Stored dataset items
________

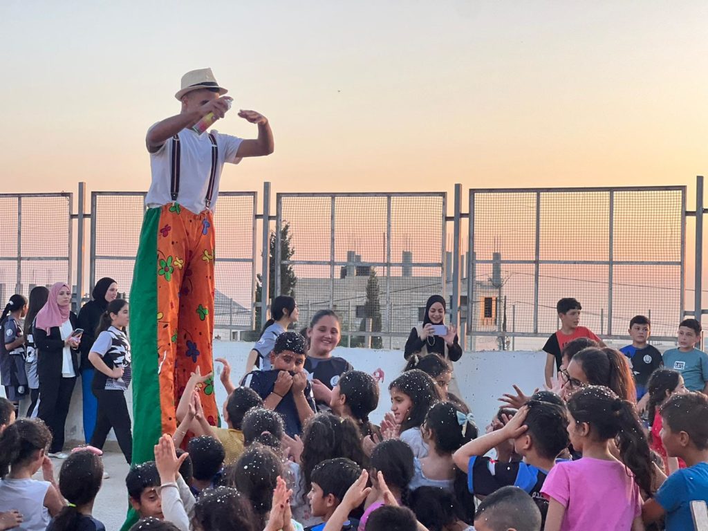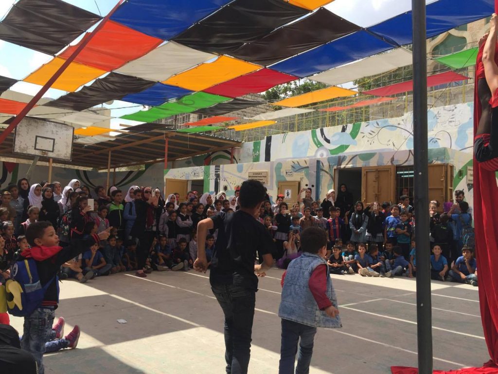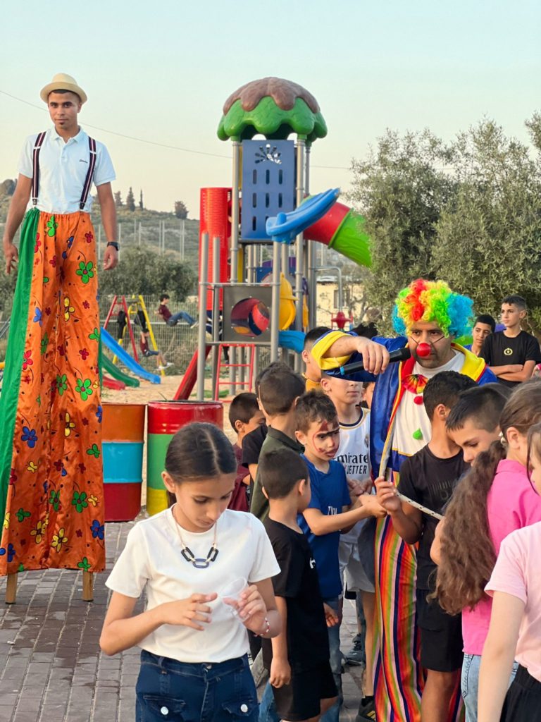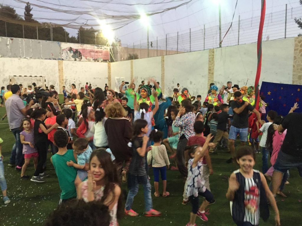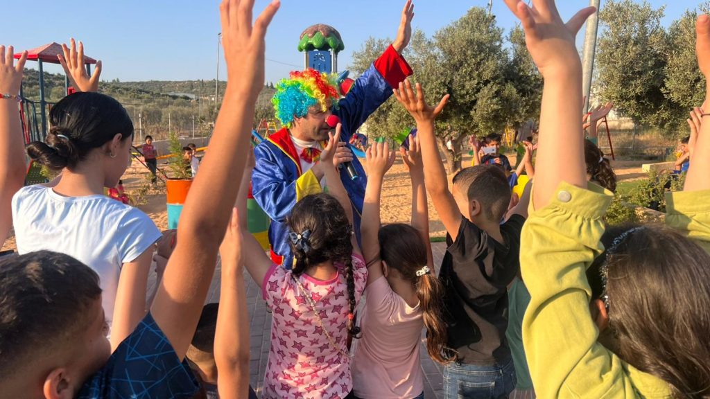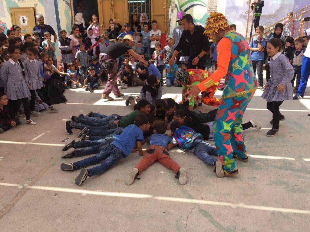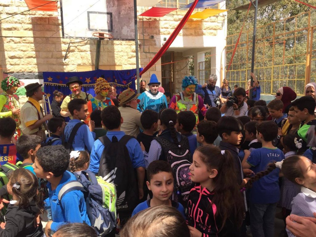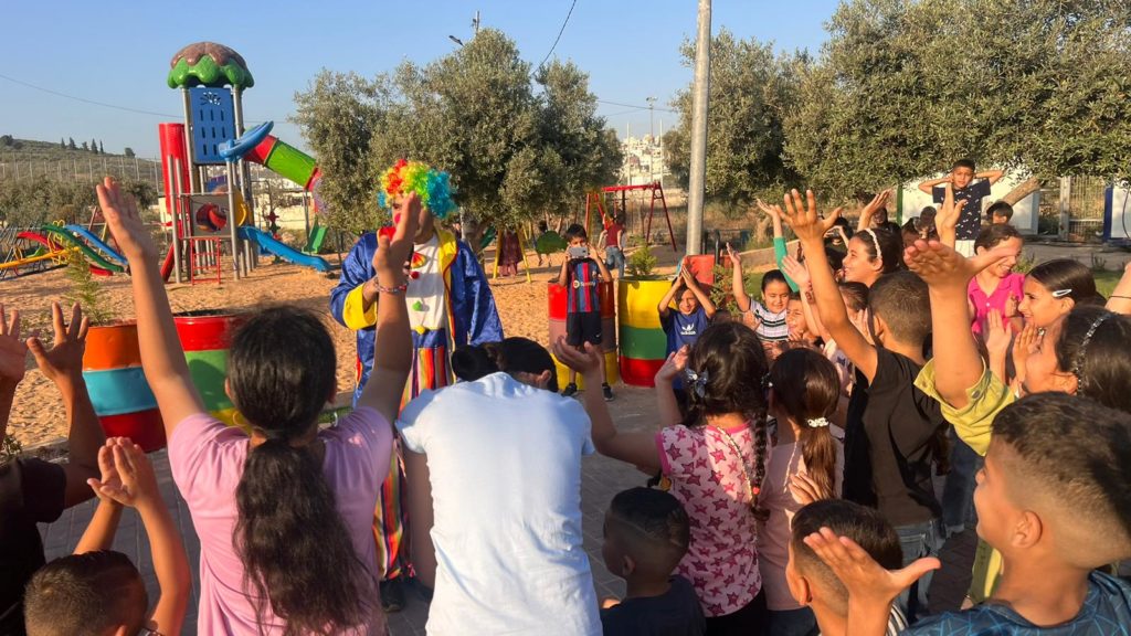 Playgrounds for Palestine teamed up with Pallasos en Rebeldía (Clowns in Rebellion), who volunteered through Lajee Center, to send them across the West Bank portion of Palestine to host day long events and acrobatics workshops for local children at our playgrounds.
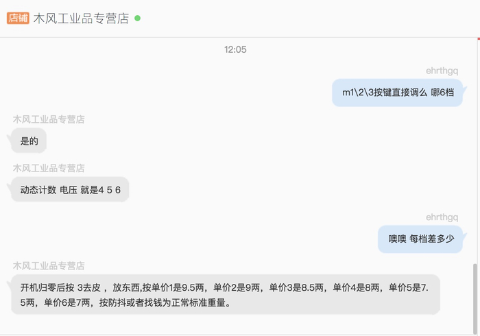 木风工业用品专营店客服介绍一款“可作弊”计价秤操作方法。
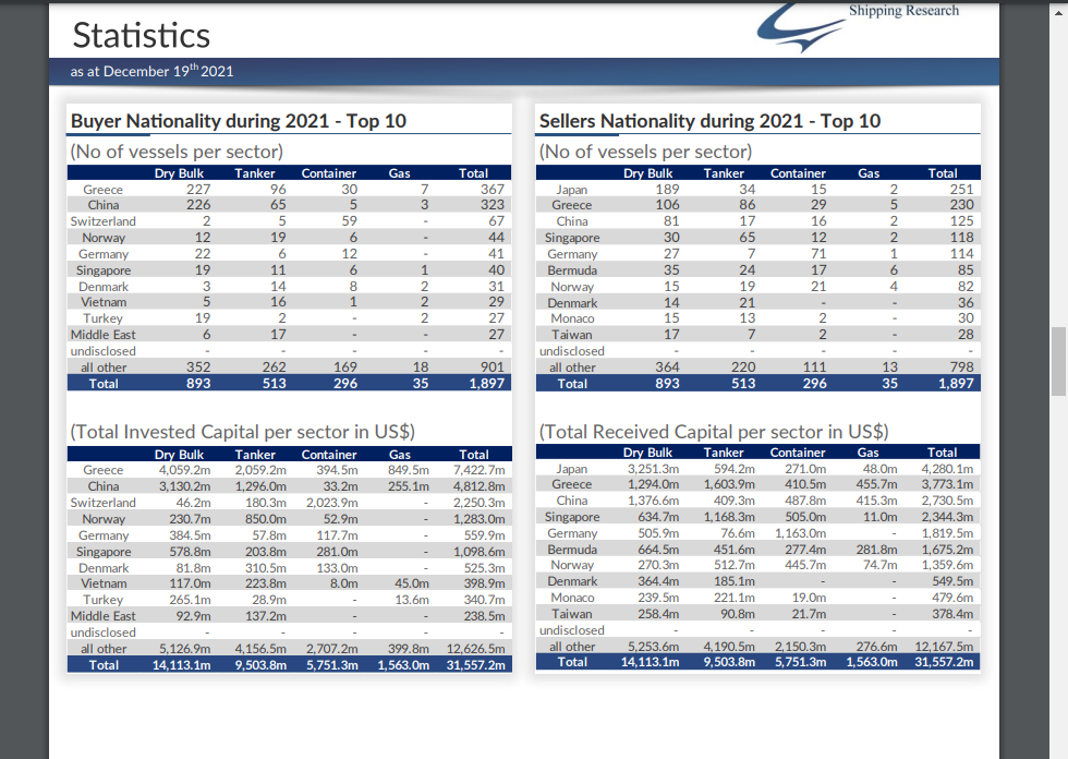 La divisione di ricerca del broker marittimo ha affermato che i greci hanno acquisito 367 navi, seguiti da proprietari con sede in Cina con 323 acquisti.
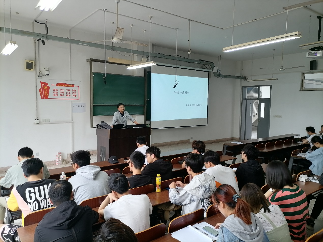 5月19日下午,EVO真人视讯在YFJ0104教室开展创新大讲堂第二讲——加快科技创新。本次讲座由公司机电中心主任姜海林主讲,2018级员工参与了本次讲座。
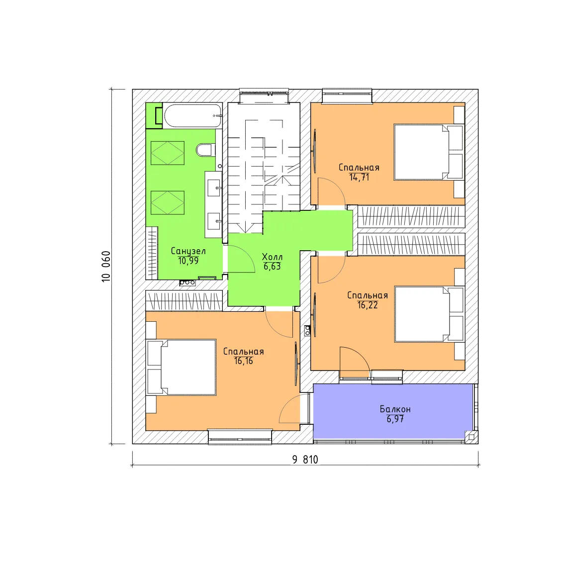 3 спальн. · 2 санузл. · 2 этаж

________

With the pictures left out, copy exactly the lines from the one containing "5月19日下午,EVO真人视" through the final line of the records above, both included.

 5月19日下午,EVO真人视讯在YFJ0104教室开展创新大讲堂第二讲——加快科技创新。本次讲座由公司机电中心主任姜海林主讲,2018级员工参与了本次讲座。
 3 спальн. · 2 санузл. · 2 этаж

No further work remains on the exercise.